Myth of meritocracy casts Australia in a new light

Tim Costello ponders Isabel Wilkerson's recent book Caste and asks: to what extent is Australia a caste-based society?

“The hierarchy of caste is not about feelings or morality. It is about power – which groups have it and which do not.”

New York Times journalist Isabel Wilkerson’s assessment of US culture is a devastating critique of the land of the free. Her 2020 book, Caste: The Lies That Divide Us suggests that actually, America is not one of the finest examples of a meritocracy – despite its innovation and excellence – based simply on equal worth and the free selling of your skills, but it is much more like a caste system.

Wilkerson examines caste in India and draws the parallels. She examines how Hitler drew on the Jim Crow laws in the US to construct his Nuremberg laws in 1934, and was incensed that America retained a stellar reputation as a democracy when Jim Crow was so harsh.

Caste is an embedded hierarchy of privilege that assumes different worth for humans. Casteism is when actions or structures put someone in a defined ranking and keep them in their place by elevating or denigrating them on the basis of their perceived category.

So what about Australia? Surely we couldn’t be accused of the same? I think there are at least three aspects of our culture that might make us nervous if Wilkerson were ever to put us under the microscope: race, gender and class.

Caste and race are often intertwined in the US, and Australia can’t hold its head up high when it comes to Indigenous disadvantage.

Image by Kon Karampelas, Pexel.

Australia is the only developed nation without a treaty with its Indigenous people, and constitutional recognition of both treaty and a voice for an Indigenous advisory panel to government is proving too difficult still. All Indigenous people effectively became subjects of King George III in 1788 with the raising of the British flag in Sydney Cove. This meant many not just lost their sovereignty and land but effectively became potential criminals in their own country. This is still reflected in Indigenous incarceration rates which are a terrible stain on our nation.

Of course, the caste system relating to gender has seen blokes benefit in the pay gaps, and in politics, in entrenched male privilege and most recently in a budget that was so unfriendly to women. Why are carers who are mainly women paid at such a lowly rate? Is it a caste notion that deprecates caring? Surely we can do better in this regard. Recent events tell us we might be finally approaching a tipping point on gender and the need to address structural change.

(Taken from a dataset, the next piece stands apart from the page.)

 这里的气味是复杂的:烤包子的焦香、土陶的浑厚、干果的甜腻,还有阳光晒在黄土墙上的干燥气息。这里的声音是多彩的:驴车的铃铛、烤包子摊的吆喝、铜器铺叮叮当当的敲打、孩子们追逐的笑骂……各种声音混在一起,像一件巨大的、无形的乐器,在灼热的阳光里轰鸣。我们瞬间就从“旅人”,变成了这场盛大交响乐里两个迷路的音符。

What class and privilege? I first worked as a lawyer in the late ’70s and I was struck by the caste lines between professionals and administrative staff. Of course, those ‘born’ to the lower caste did the serving, menial work and the cleaning up in the kitchen. This was not expected of the professionals. Yes, the administrative staff were typically women and the professionals typically men. It might have been justified in terms of merit and education or in pure commercial terms that male professional time was more billable, but it screamed loud messages about worth.

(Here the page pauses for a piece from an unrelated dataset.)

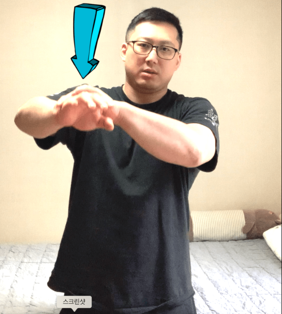 1.운동법 먼저 위팔로 아래팔에 미세한 저항을 줍니다.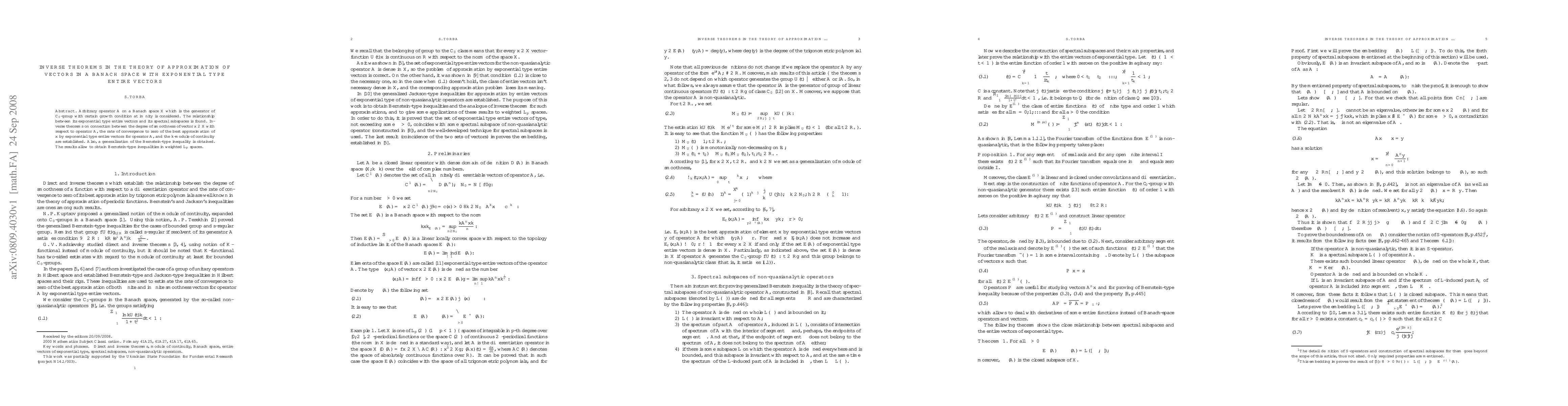Arbitrary operator A on a Banach space X which is the generator of C_0-group with certain growth condition at infinity is considered. The relationship between its exponential type entire vectors and its spectral subspaces is found. Inverse theorems on connection between the degree of smoothness of vector $x\in X$ with respect to operator A, the rate of convergence to zero of the best approximation of x by exponential type entire vectors for operator A, and the k-module of continuity are established. Also, a generalization of the Bernstein-type inequality is obtained. The results allow to obtain Bernstein-type inequalities in weighted L_p spaces.

The great power of caste is how it deals in shame and honour and rewards you or puts you back in your place.

The patterns start early. I realised this with a jolt recently watching ABC’s Australian Story on human rights lawyer Jennifer Robinson, who is supporting scholarships for kids like herself from public schools. No one in her country state school knew a lawyer or expected to become one – Robinson had to surmount that. I went to an all-male private school and the expectations for me and my peers were totally different. I admit to feeling not quite a Brahmin at school as my father was a teacher there and we knew we were not paying full fees. But neither was I a Dalit/untouchable. And after law school, the ‘old school tie’ came in extremely useful for landing Articles. Asking which school I attended was the first question in interviews.

The great power of caste is how it deals in shame and honour and rewards you or puts you back in your place.

Two thousand years ago the question of worth and equality was addressed by St Paul. Despite pride in his own Jewish pedigree he wrote powerfully about universal human dignity … “there is no Jew nor Gentile, slave nor free, male nor female”, he wrote. All equally carry the image of God and all are equally loved and have standing in God’s world. No one is born to a defined category or to be a servant and to meekly accept their place. Here was a first-century demolition job done on caste.

But such revolutionary notions from Jesus and the Apostle Paul were ignored by even the Church and muted by the need to maintain a hierarchy. It produced a blindness even in the most principled and noble like Thomas Jefferson, who wrote that all men are born equal and free, yet even as he penned that Constitutional preamble, he himself owned 600 slaves. Such soaring insight and such impenetrable blindness to caste.

Tim Costello is a senior fellow at the Centre for Public Christianity.